6. The method of any of claims 1-5, wherein the endoscopic polyp detection model is based on a deep convolutional neural network, trained from data labeled by a large number of medical professionals, and capable of directly predicting the presence and location of polyps from images.

7. The method of claim 6, wherein the endoscopic polyp detection model uses a YOLO v3-tiny network, the YOLO v3-tiny network removes residual layers and uses two different scales of YOLO output layers.

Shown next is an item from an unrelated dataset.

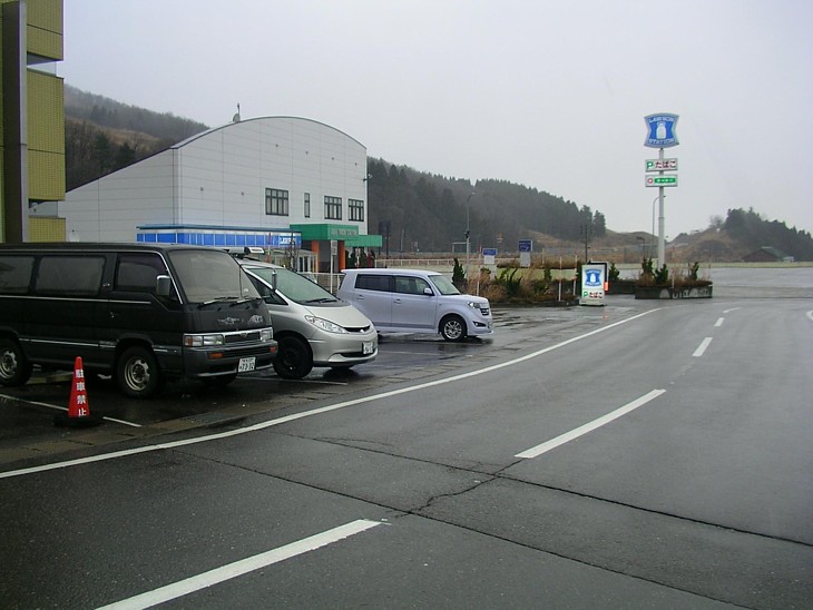 ホテル隣のローソンは閉店、向いにセーブオン(24時間営業)がある。この先は大型車用の停泊地だ。

8. The method of real-time detection of endoscopic polyps as defined in any of claims 1-5, wherein said image is pre-processed, wherein said de-exposure comprises three steps:

marking an exposure area, iteratively searching each pixel in an image, and marking a point of the pixel, which is larger than a certain specific value, in an RGB channel as exposure;

expanding the exposure area, and marking each exposure point and the points in a certain radius as the exposure points;

and thirdly, filling the exposure area, carrying out interpolation operation by using the values of the effective points on the left and the right of the exposure area to obtain the value of the current exposure point, and replacing the current exposure point by using the upper point if no effective value exists.

9. An endoscopic polyp real-time detection system, comprising:

10. An endoscopic polyp real-time detection terminal comprising a memory, a processor and a computer program stored on the memory and executable on the processor, wherein the program when executed by the processor is operable to perform the method of any of claims 1-8.